Adults significantly older than me, and young people alike have expressed the belief that if they would like to achieve intimacy in a relationship, sex is the venue. It goes beyond the “trying out” of their partner to make sure that they are compatible (which is flawed enough), but has become the path by which couples are attempting to establish a sense of closeness and intimacy.
Sex does not create intimacy–not real intimacy. It should be the result of intimacy. Building a relationship this way is like going out to a field and chewing on a cow expecting steak. Chew all you want; that sucker is never going to turn into a steak without the proper process. The cow needs to grow, be slaughtered, cut up, aged, sold and then seasoned and cooked before it becomes what it was meant to be (my apologies to vegetarians, but this analogy doesn’t work with broccoli). Intimacy is the result of a process as well—it’s sharing time, your heart–thoughts, feelings, hopes and dreams—going through difficulties and having fun, working together and all the other relationship building things that couples should do.
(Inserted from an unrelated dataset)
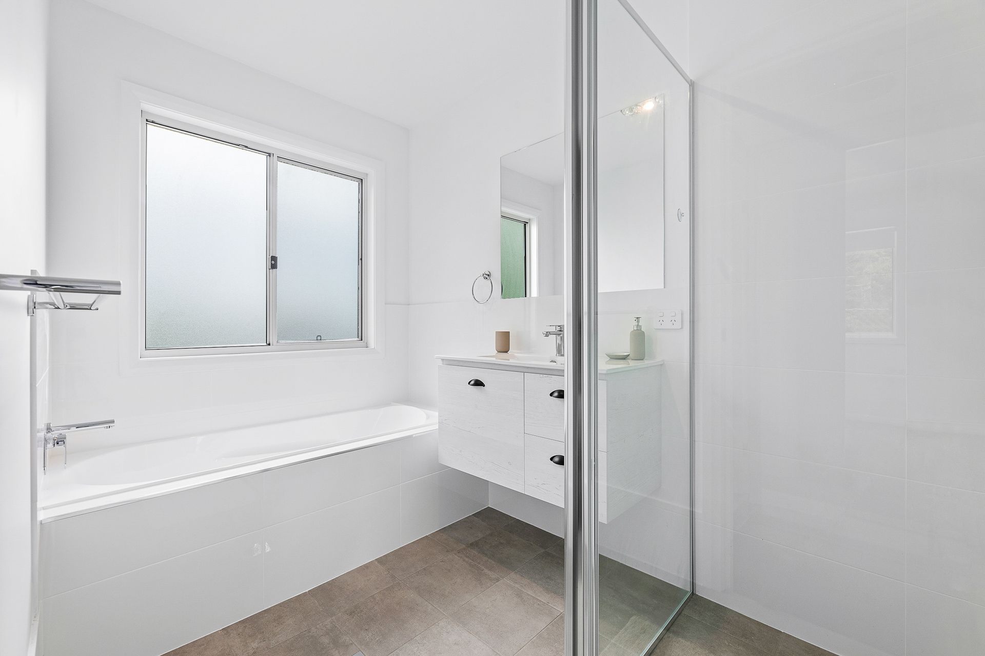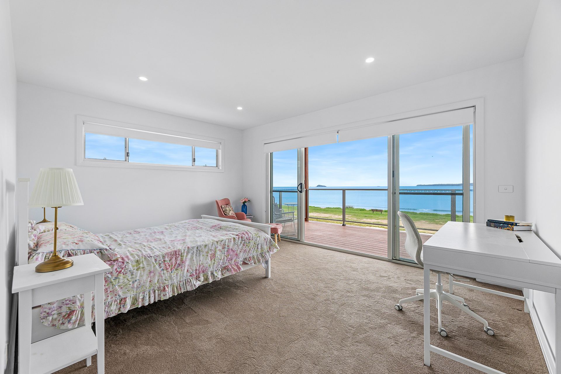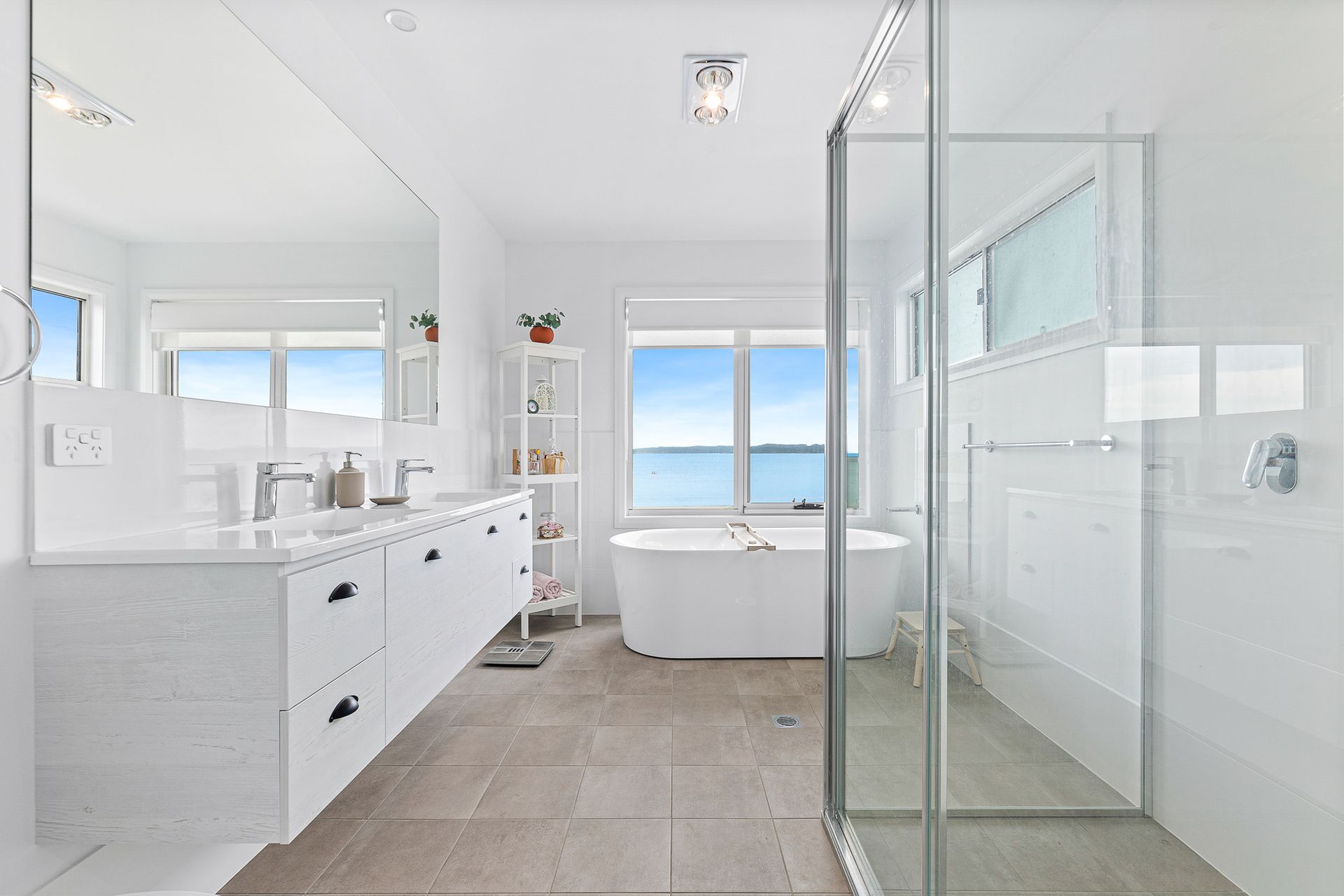 The ensuite, offers a luxurious bathtub overlooking the endless expanse of the ocean, providing both a truly unique and calming experience. Picture yourself unwinding in a tranquil bath while enjoying the breathtaking sunset over Long Beach.

This is what builds closeness. This is what builds intimacy.
Sex is the expression of closeness, not an agent to achieving it. If the intimacy isn’t there already, sex just creates a false sense of it. It’s meant to be the most perfect expression of self-giving, self-revelation and commitment. It’s the mutual handing over of heart, body, vulnerability and love to another. This kind of self-giving doesn’t belong to everyone you meet, everyone you date or everyone you share any level of intimacy with. God gives us marriage so that people who desire true intimacy with each other can cultivate a relationship where these things can flourish (and other stuff, too, but I’m just talking about sex, here). Sex doesn’t cause those things–it is the fulfillment of them.
Our relationship attitudes and our priorities have to be set straight to build strong, lasting relationships—marital or otherwise. We will never find real satisfaction in our relationships if we are relying on the effect to produce the cause.